0

I'm trying to calculate a growing percentile for a column in my Polars DataFrame. The goal is to calculate the percentile from the beginning of the column up until the current observation.

Example Data:

import polars as pl

data = pl.DataFrame({
    "premia_pct": [0.1, 0.2, 0.3, 0.4, 0.5, 0.6, 0.7, 0.8, 0.9, 1.0]
})

I want to create a new column "premia_percentile" that calculates the percentile of "premia_pct" from the start of the column up to the current row.

I tried using the cumulative_eval function in Polars as follows:

df = data.with_columns(
    pl.col("premia_pct").cumulative_eval(
        lambda group: (group.rank() / group.len()).last(),
        min_periods=1
    ).alias("premia_percentile")
)

However, I get the following error: AttributeError: 'function' object has no attribute '_pyexpr'

I have also tried a for loop:

        for i in range(1, data.shape[0] + 1):
            data["premia_percentile"][:i] = data["premia_pct"][:i].rank() / i

        return data

but this is not how poalrs is supposed to be used, and it doesn't work either. Even if I use pl.slice(1,i) instead of [:i]

Maybe you could use something similar to the pandas.expanding()?

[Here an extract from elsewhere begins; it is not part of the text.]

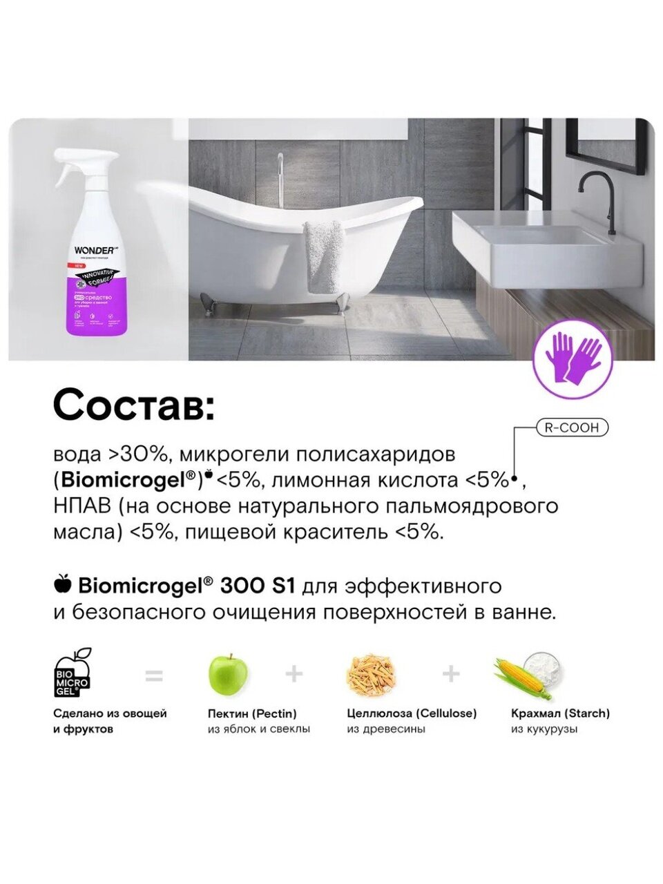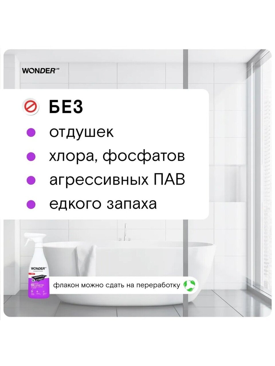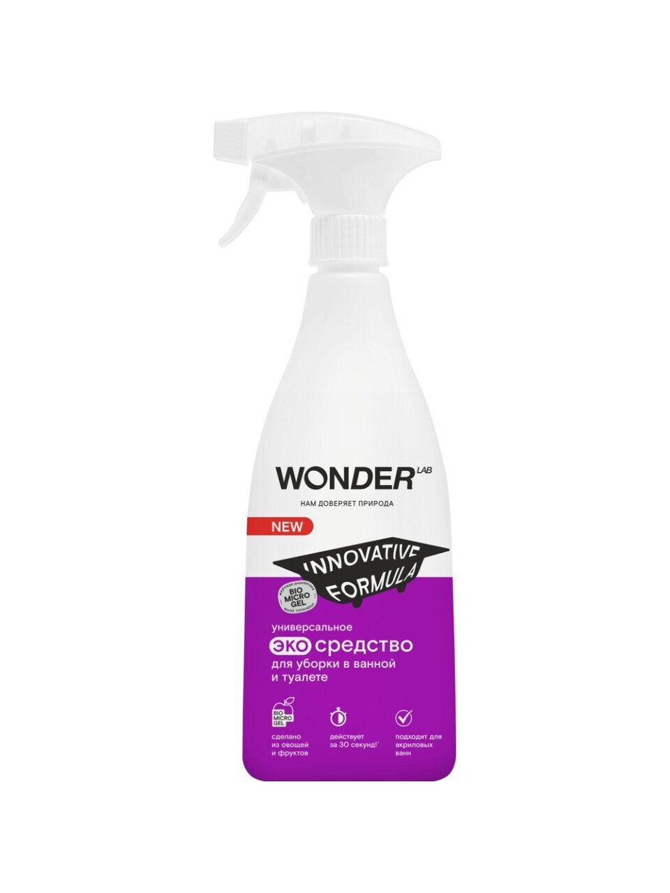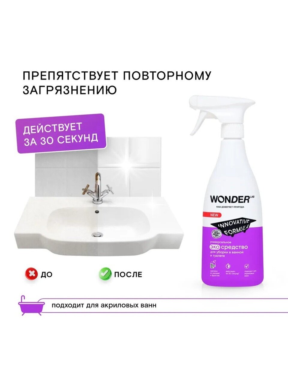 Спрей для уборки в ванной комнате Wonder Lab бережно и эффективно удаляет любые типы загрязнений.

This is what I expect the output to be:

    def _calculate_growing_percentile(
        self, data, column_name: str = "premia_percentile"
    ):
        """
        Calculate a growing percentile of a column in a DataFrame.

        Parameters:
        df (pl.DataFrame): The DataFrame.
        column_name (str): The name of the column.

        Returns:
        pl.DataFrame: The DataFrame with the new column.
        """
        # Initialize a pandas df
        data = data.to_pandas()

        # Calculate the growing percentile
        data[f"{column_name}"] = data["premia_pct"].expanding().rank(pct=True)
        data = pl.from_pandas(data)
        return data

Is there a way to calculate a growing percentile in Polars using cumulative_eval or any other function? Any help would be greatly appreciated.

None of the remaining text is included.